Nothing but the lines from the one containing "Looks like one" through the last line of the material should appear in the answer, transcribed exactly, pictures excluded.

**** Information supplied ****

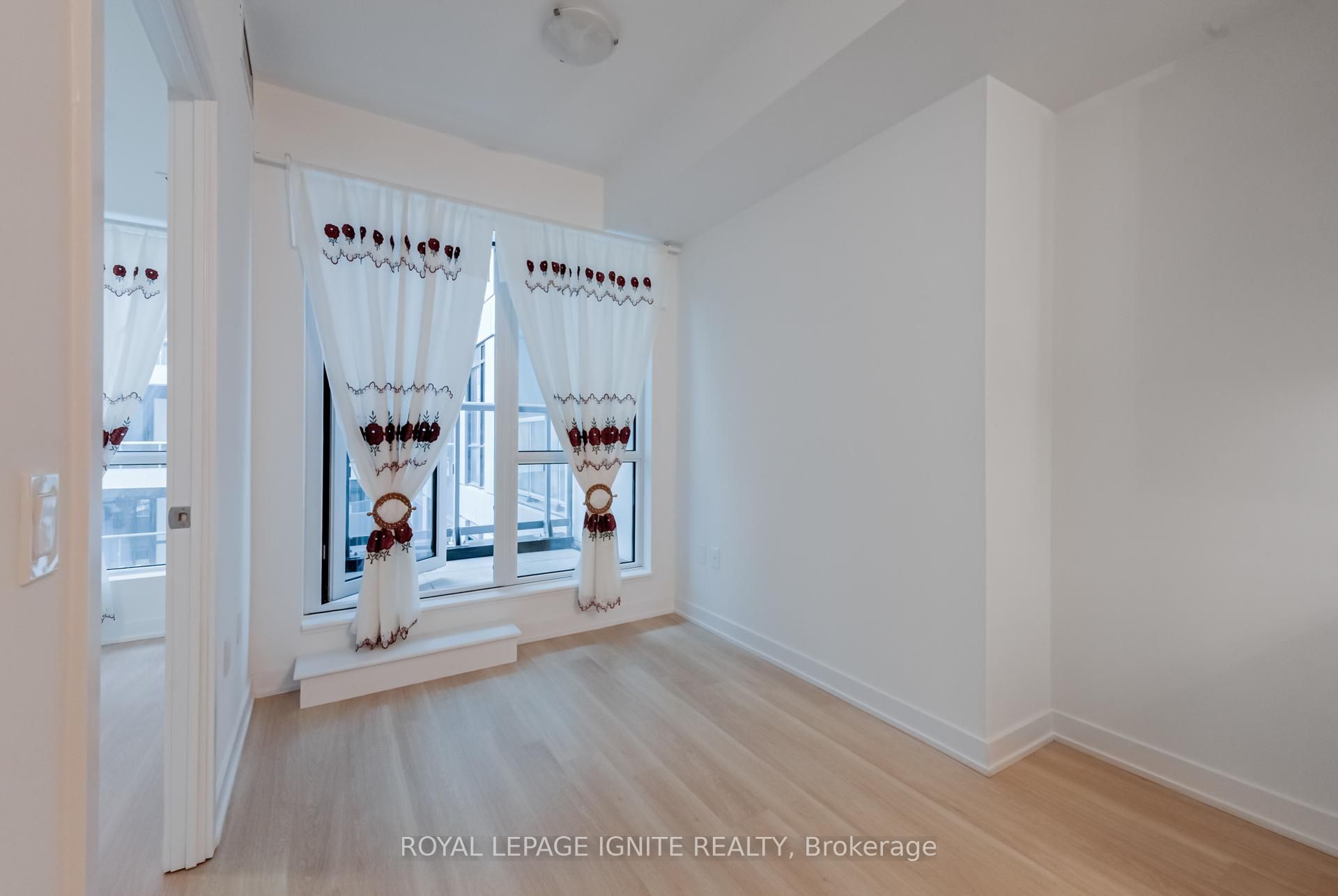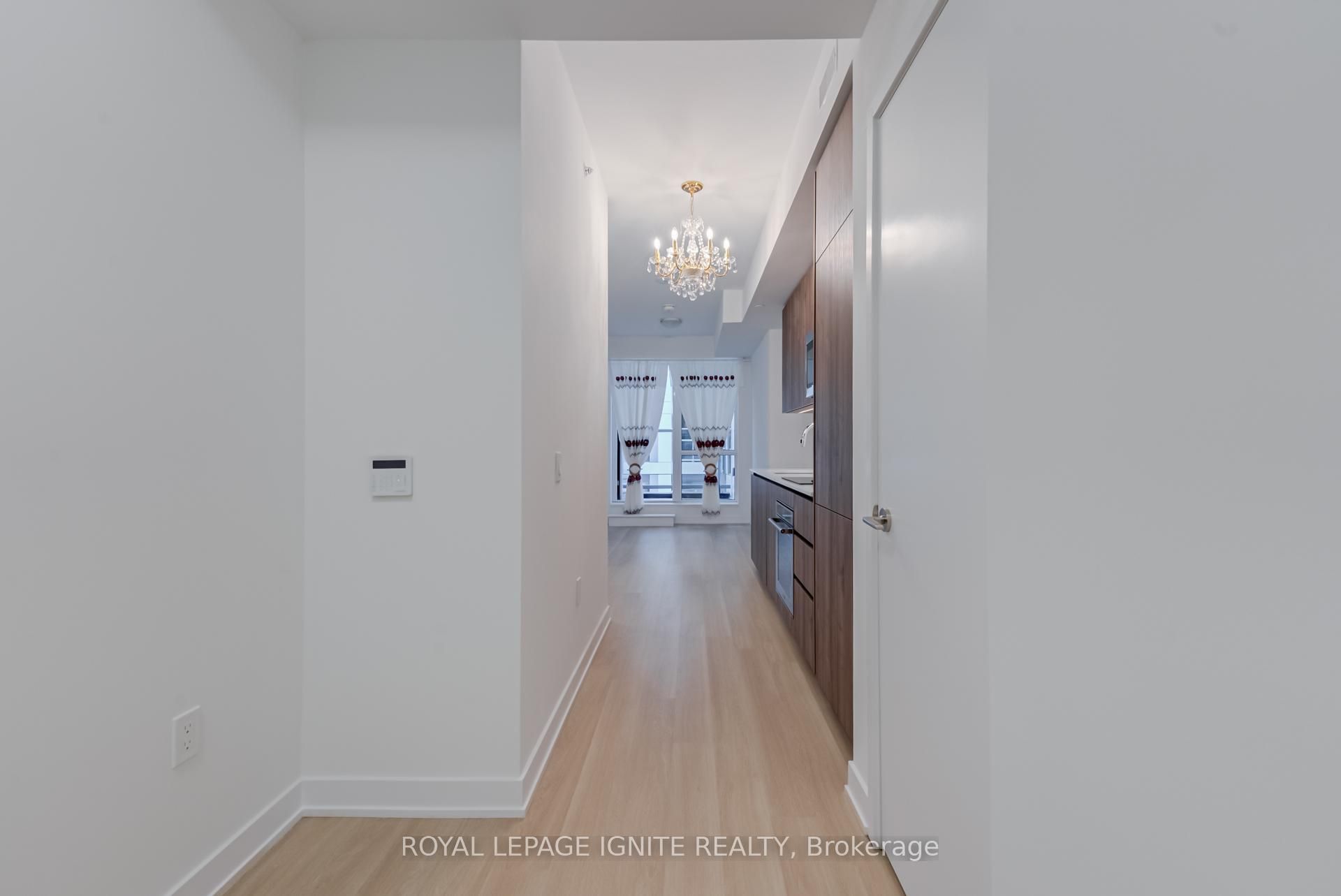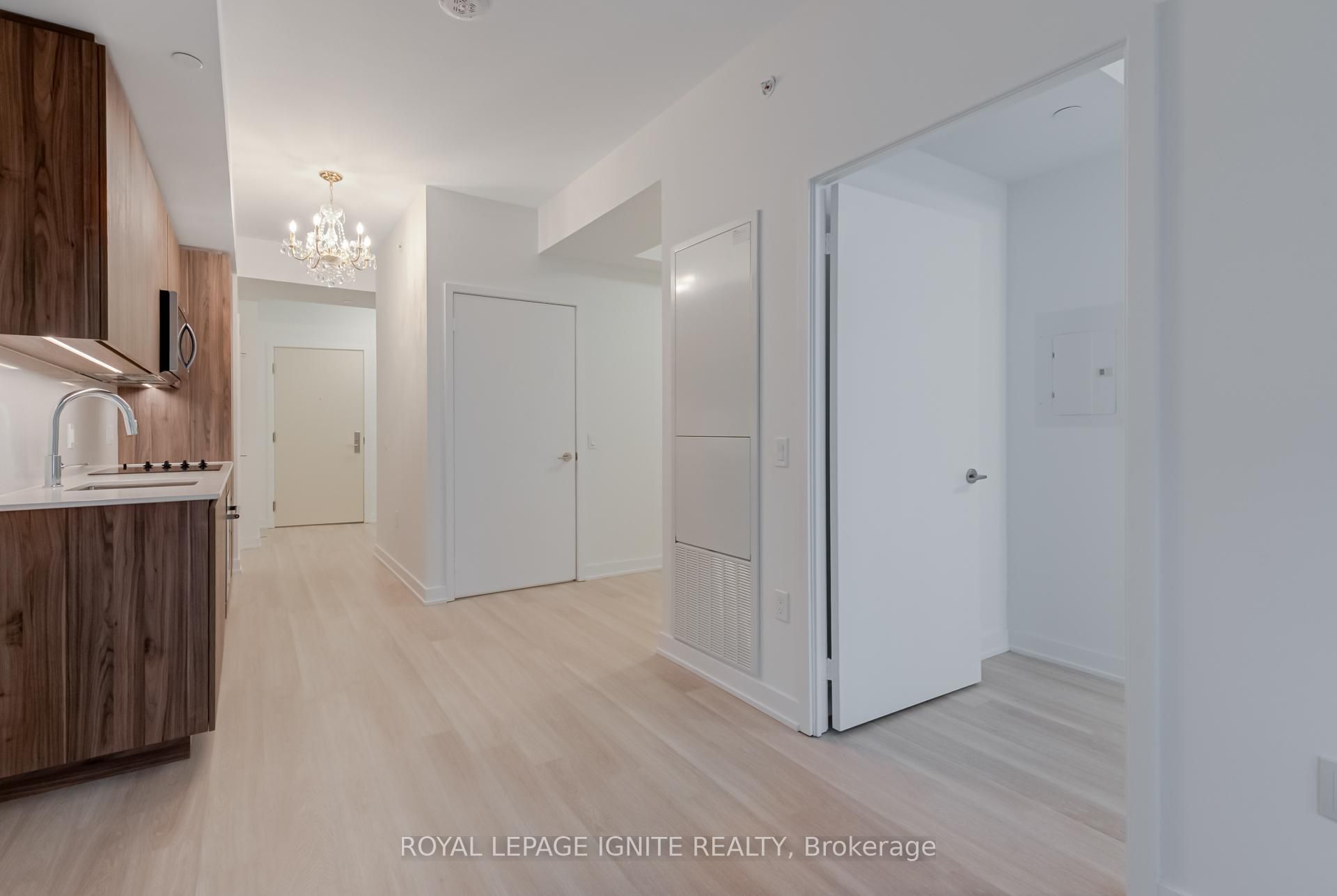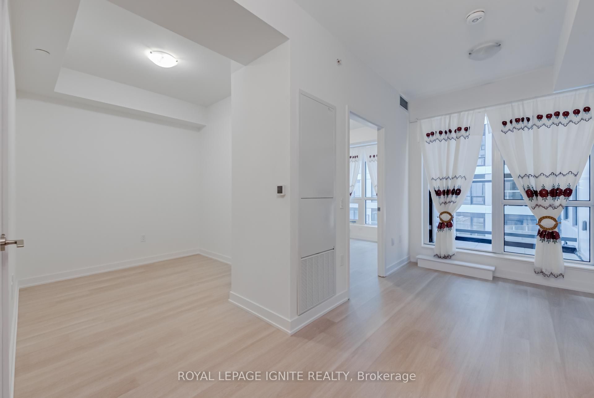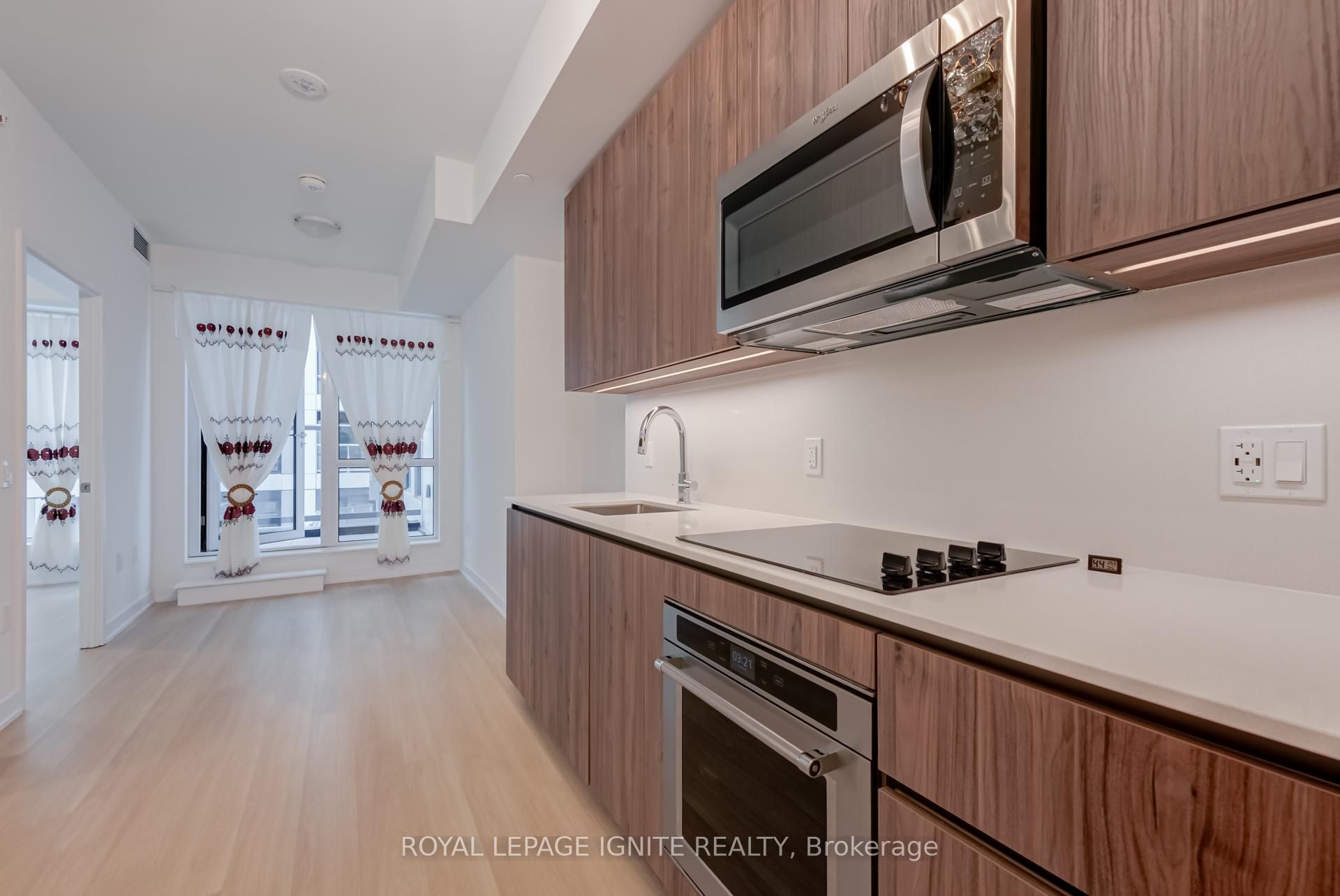 • Spacious one-plus-den unit with a modern living and dining area.
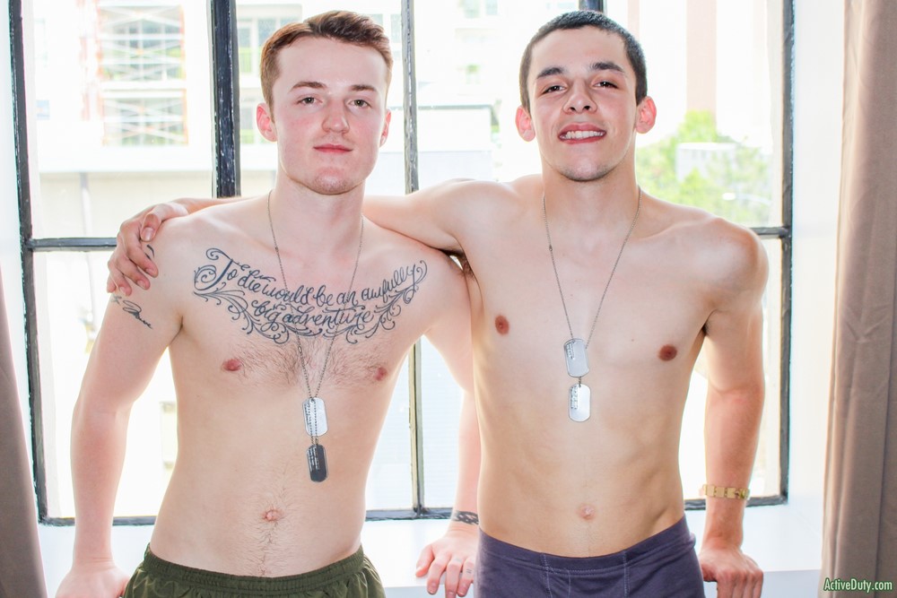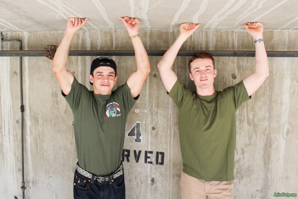 Looks like one of our freshest Active Duty recruits is back for more and that's Billie Starz. He did amazing in his sexy solo debut back in March and now he's ready for the next step in becoming a true veteran. Dominic is the lucky vet and who better than Billie to fuck that nice round bubble butt of Dominic's. Billie really hasn't had much experience with men but by the looks of it he's knocking it out of the park.
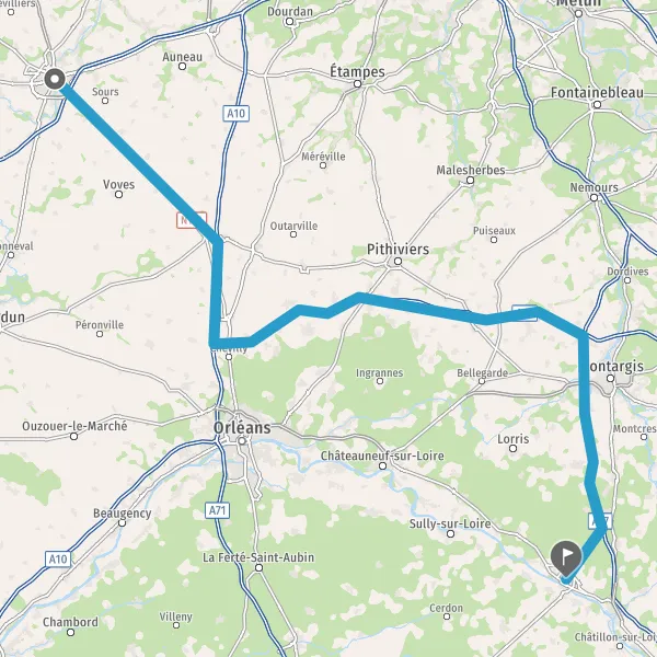 Prendre à droite et rejoindre A19. Continuer sur 66 kilomètres

****

Answer below:
 Looks like one of our freshest Active Duty recruits is back for more and that's Billie Starz. He did amazing in his sexy solo debut back in March and now he's ready for the next step in becoming a true veteran. Dominic is the lucky vet and who better than Billie to fuck that nice round bubble butt of Dominic's. Billie really hasn't had much experience with men but by the looks of it he's knocking it out of the park.
 Prendre à droite et rejoindre A19. Continuer sur 66 kilomètres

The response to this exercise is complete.